3.3. Feature Refinement

As mentioned above, the IUNet module effectively extracts both local and global features within the channels, generating more discriminative hybrid features. However, relying solely on one-dimensional global features makes it difficult to fully recover high-quality facial details and structural information. Therefore, this paper further introduces the proposed Global Feature Refinement Block (GFRB) to refine and enhance the features output at each layer during the encoding stage, thereby improving the overall reconstruction performance.

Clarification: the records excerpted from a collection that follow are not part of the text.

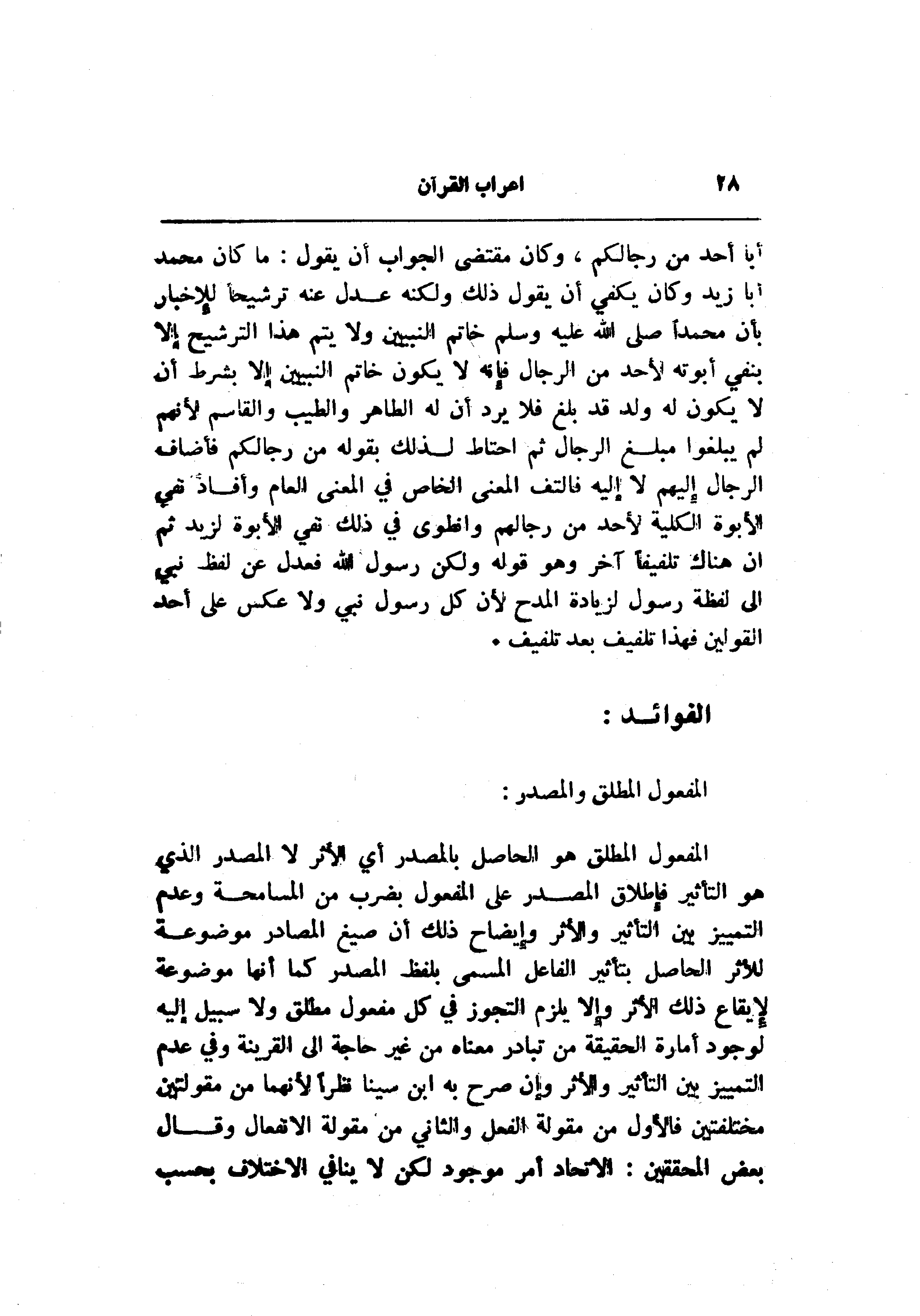 المفعول المطلق هو الحاصل بالمصدر أي الأثر لا المصدر الذي هو التأثير فإطلاق المصدر على المفعول بضرب من المسامحة وعدم التمييز بين التأثير والأثر وإيضاح ذلك أن صيغ المصادر موضوعة للأثر الحاصل بتأثير الفاعل المسمى بلفظ المصدر كما أنها موضوعة لإيقاع ذلك الأثر وإلا يلزم التجوز في كل مفعول مطلق ولا سبيل إليه لوجود أمارة الحقيقة من تبادر معناه من غير حاجة الى القرينة وفي عدم التمييز بين التأثير والأثر وإن صرح به ابن سينا نظرا لأنهما من مقولتين مختلفتين فالأول من مقولة الفعل والثاني من مقولة الانفعال وقال بعض المحققين: الاتحاد أمر موجود لكن لا ينافي الاختلاف بحسب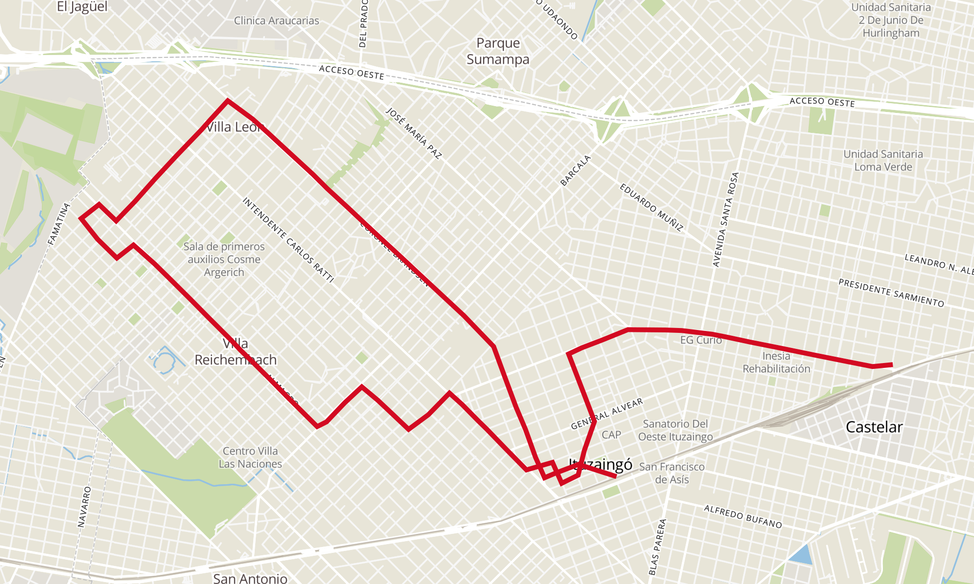 | Las Heras Y Belgrano (395 Brandsen) | Estación Castelar (395) |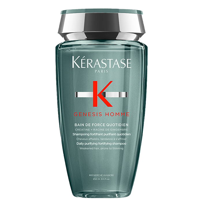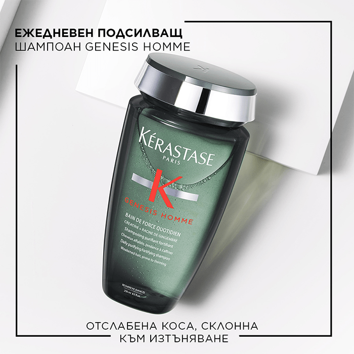 Обогатен с креатин и екстракт от джинджифил, се бори с косопада, причинен от отслабване на косата от корена, както и със загубата на коса, причинена от изтъняване на косъма. Почистващите агенти в шампоана образуват гъста, обилна пяна, която ефективно отстранява замърсяванията и излишния себум. Нежно почиства скалпа, косата и брадата, като ги хидратира и омекотява. С текстура на прозрачен гел, шампоанът дава усещането за чистота за по- дълго време и укрепва косата. Подходящ за коса, склонна към омазняване. Екстрактът от корен от джинджифил е известен със своите предпазващи от външната среда свойства. Креатинът благоприятства за създаването на електронните връзки в кортекса на косъма, като спомага за възстановяването и укрепването на структурата му от вътрешността. След 6 седмици употреба косопадът е намален, а косъмът е по-устойчив и защитен. Повече от 80%*от потребителите усещат скалпа си освежен, балансиран и енергизиран.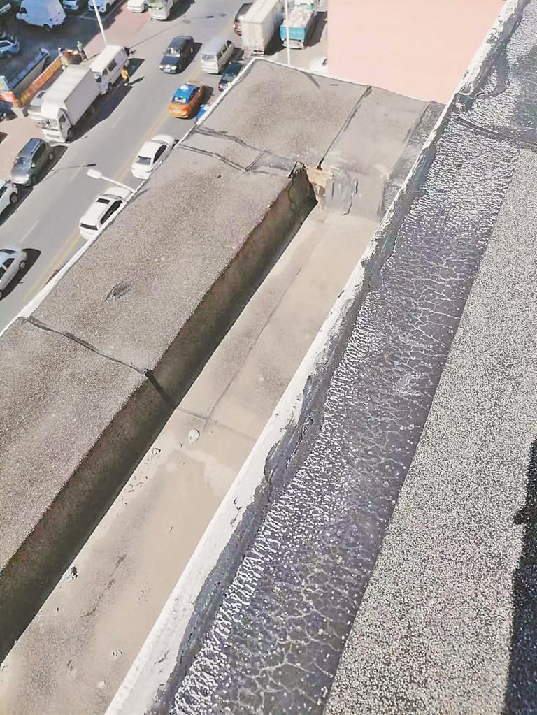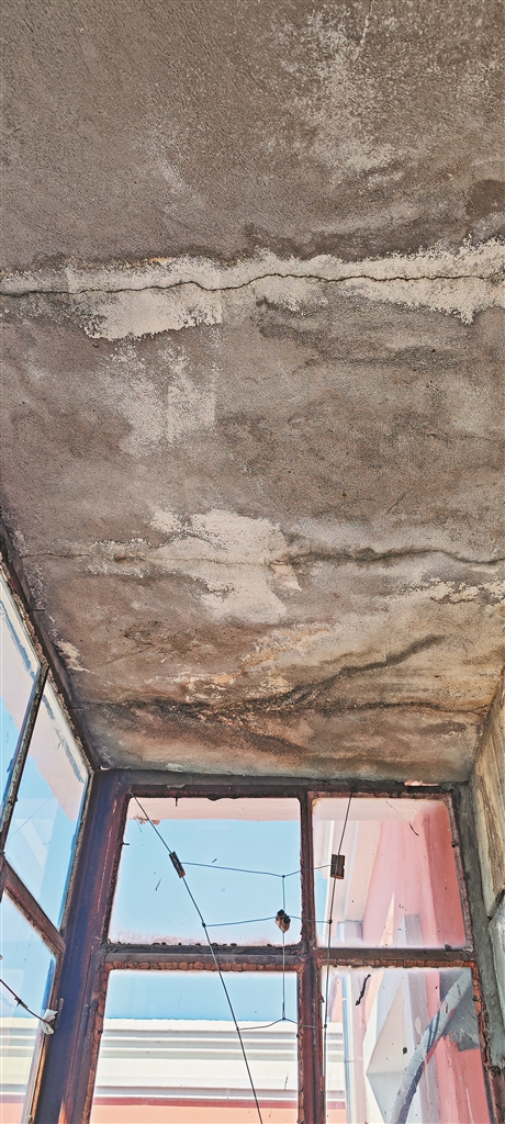 “小区‘旧改’已经进行3年了,头一年做的楼体保温,2022年做的屋面防水,今年主要是地面和一些收尾工作。”魏先生介绍,他所居住的802室位于顶楼,临街的凉台大约4平方米。没推开凉台门之前,记者就闻到一股刺鼻的霉味,推开门后这种气味扑面而来、更加浓烈。记者看到,凉台棚顶有明显被水浸泡过的痕迹,颜色深浅不一的水渍布满整个棚顶,而且有三处明显的裂痕。“没‘旧改’前我这凉台也漏水,原以为‘旧改’后会有好转,没想到还是一样。每到下雨天棚顶的两三个地方就会往下滴水。”

As shown in Figure 6, GFRB adopts a multi-level cascaded architecture consisting of five Local Feature Extraction Units (as shown in Figure 7) and two Transformer modules stacked alternately. Each LFEU uses 1 × 1 convolution for channel adjustment and 3 × 3 convolution for local spatial refinement. Within the LFEU, input features first undergo channel reduction to lower the feature dimension, thereby reducing subsequent computational complexity; subsequently, channel expansion restores the feature’s expressive power, striking a balance between lightweight processing and representational capability. Building on this, 3 × 3 convolutions are used to perform local spatial modeling of features to capture fine-grained texture information, and channel attention is introduced to adaptively re-scale features, thereby highlighting key channel responses and suppressing redundant information. Subsequently, 1 × 1 convolutions are used to fuse features and reorganize channels, combined with further 3 × 3 convolutions to refine the features. Finally, residual connections are employed to fuse the input features with the enhanced features, yielding the output of LFEU. Building on this, GFRB fuses the locally enhanced features extracted by LFEU with the global contextual features modeled by the Transformer module, achieving collaborative optimization of multi-level features. At each stage, fusion is achieved through feature concatenation and 1 × 1 convolutions, effectively integrating semantic information from different levels to enhance the richness and stability of feature representations. Additionally, cross-layer skip connections are introduced within the module to facilitate the effective transmission and reuse of shallow and deep features, further mitigating the issue of information degradation in deep networks.

3.4. Loss Function

In the lightweight network framework proposed in this paper, complex perceptual losses (such as VGG-based perceptual loss) or GAN losses are not introduced to avoid additional computational overhead and training instability. This paper adopts pixel-level reconstruction loss as the primary optimization objective. Although MSE loss possesses good mathematical properties and can stably optimize model parameters, its squared error penalty tends to cause reconstruction results to converge toward the mean, thereby leading to oversmoothing and affecting the recovery of fine details. In contrast, the MAE loss is more robust to outliers and better preserves high-frequency details in the image. Therefore, this paper continues to use the MAE loss as the reconstruction loss. The pixel-level reconstruction loss is defined as:

L_{R E C} = \frac{1}{N} \sum_{i = 1}^{N} (|I_{S R}^{i} - I_{H R}^{i}|)

(25)

where

I_{SR}

represents the super-resolved result,

I_{HR}

represents the true value, and N continues to denote the number of images processed per batch.

4. Experimental Results and Analysis

4.1. Datasets

To validate the effectiveness of the proposed face super-resolution method, experiments were conducted on three widely used facial image datasets, including FFHQ, CelebA, and Helen. Among them, the FFHQ dataset contains 70,000 high-resolution facial images with a resolution of 1024 × 1024. All images are automatically aligned and centered through face detection and alignment preprocessing to ensure consistent facial scale and position. In the experiments, 10,000 images were randomly selected for training and 1000 images were used for testing. The CelebA dataset consists of 202,599 facial images with an original resolution of 178 × 218, covering diverse facial poses, illumination conditions, and complex background variations. In this study, 20,000 images were selected for training and 1000 images were used for testing. The Helen dataset is primarily designed for fine-grained facial landmark localization tasks and contains 2330 facial images with a resolution of 400 × 400, accompanied by detailed landmark annotations. Among them, 1500 images were selected for training and 500 images were used for testing.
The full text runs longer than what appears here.